Il governo è un Robin Hood al contrario, che – come lo sceriffo di Nottingham – sottrae ai poveri per dare ai ricchi? Il sistema tributario italiano (e, più in generale, la nostra politica economica) ha senz’altro aspetti regressivi. Ma rivolgere questa accusa alla legge di bilancio per l’anno 2026, al cui centro c’è il taglio della terza aliquota Irpef dal trentacinque al trentatré per cento, è una vera stupidaggine, per usare un eufemismo.
Anzitutto perché, retorica politica a parte, i ricchi di cui stiamo parlando non lo sono affatto: l’intera discussione strumentalizza alcune note descrittive della Banca d’Italia e dell’Istat sugli effetti distributivi della manovra, che sottolineano come i principali beneficiari siano i contribuenti appartenenti al quaranta per cento più ricco della popolazione, cioè quelli con un reddito lordo superiore ai ventiseimila euro.
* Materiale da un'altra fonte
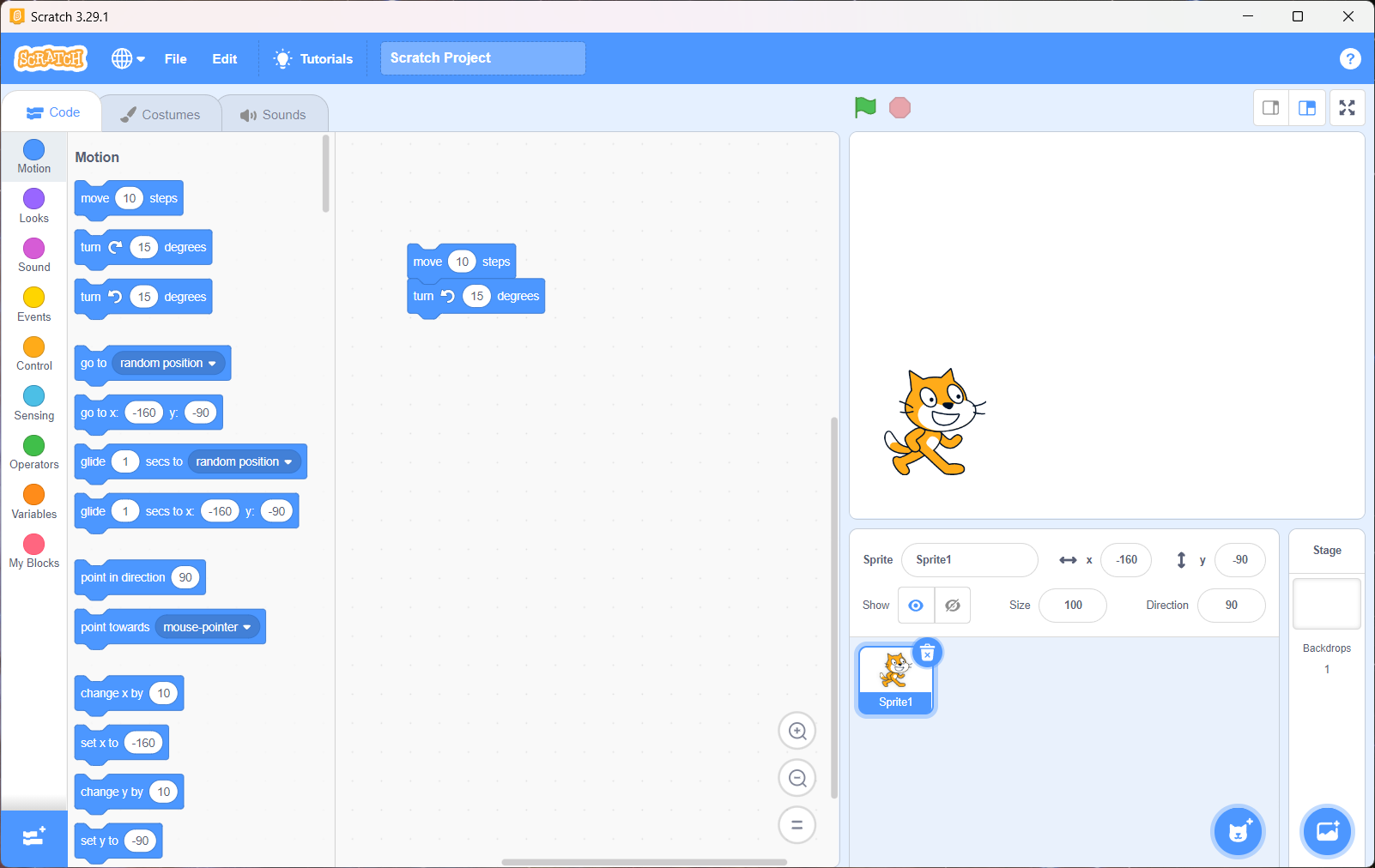 2. Go to "Motion" and drag and drop a "move 10 steps" and "turn counter-

Che questi individui possano essere considerati anche solo benestanti denota un problema non solo nel livello dei redditi italiani, ma anche, e soprattutto, nel nostro sistema mediatico e nella qualità del dibattito politico.
In secondo luogo, siamo alla quarta manovra finanziaria di questo governo: è la prima che assegna (poche) risorse a questa fetta di contribuenti, che pure versa all’erario circa i tre quarti del totale del gettito Irpef. Le precedenti leggi di bilancio si erano focalizzate sui redditi bassi, con l’obiettivo di proteggerne i redditi dall’inflazione: per fare ciò, nel rispetto dei vincoli di bilancio, l’esecutivo aveva finora sacrificato i (più) ricchi, che non solo non avevano ricevuto alcun sostegno, ma erano stati penalizzati dal taglio delle deduzioni.
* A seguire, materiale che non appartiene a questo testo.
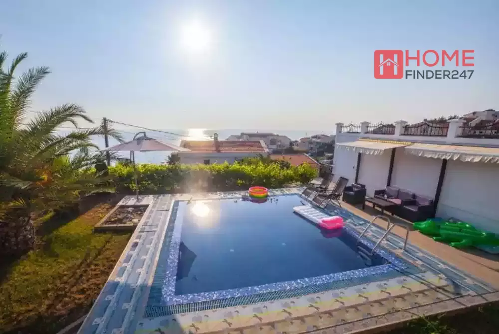 Es verfügt über vier Schlafzimmer, eine separate Gästewohnung, Sauna, Swimmingpool und einen liebevoll gestalteten Garten mit Mandarinen, Granatäpfeln, Trauben und Kiwi.
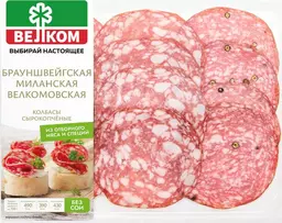 Набор колбас Велком Брауншвейгская, велкомовская, миланская сырокопченые полусухие 90г

Con l’intervento per il 2026, il governo cerca di restituire, per quanto solo parzialmente, ai redditi medi una parte di quanto è stato sottratto loro dal fiscal drag,. Ed è proprio questo il punto: altrimenti non si capirebbe perché, come giustamente contesta l’opposizione, in questi anni la pressione fiscale è salita (quest’anno sarà al quarantadue virgola otto per cento).
Se vogliamo fare un discorso serio, dovremmo semmai prendere in mano il sistema tributario nel suo complesso e rimuovere gli enormi disincentivi alla creazione di ricchezza che esso contiene: ogni discontinuità, in corrispondenza della quale un aumento di reddito lordo non si traduce in un incremento delle risorse disponibili, perché falcidiato dal fisco, è un danno alla crescita economica. Ancora più importante, però, è abbandonare il tic retorico per cui ricco è un insulto – a maggior ragione se tale infamante etichetta viene attribuita a chi non è neppure vagamente privilegiato. Sui pregiudizi contro la ricchezza ha scritto ampiamente Rainer Zitelmann, “Ricchi borghesi”: qui basti dire che un paese che continua insistentemente a bastonare chi fa soldi non può che condannare sé stesso alla povertà e al declino.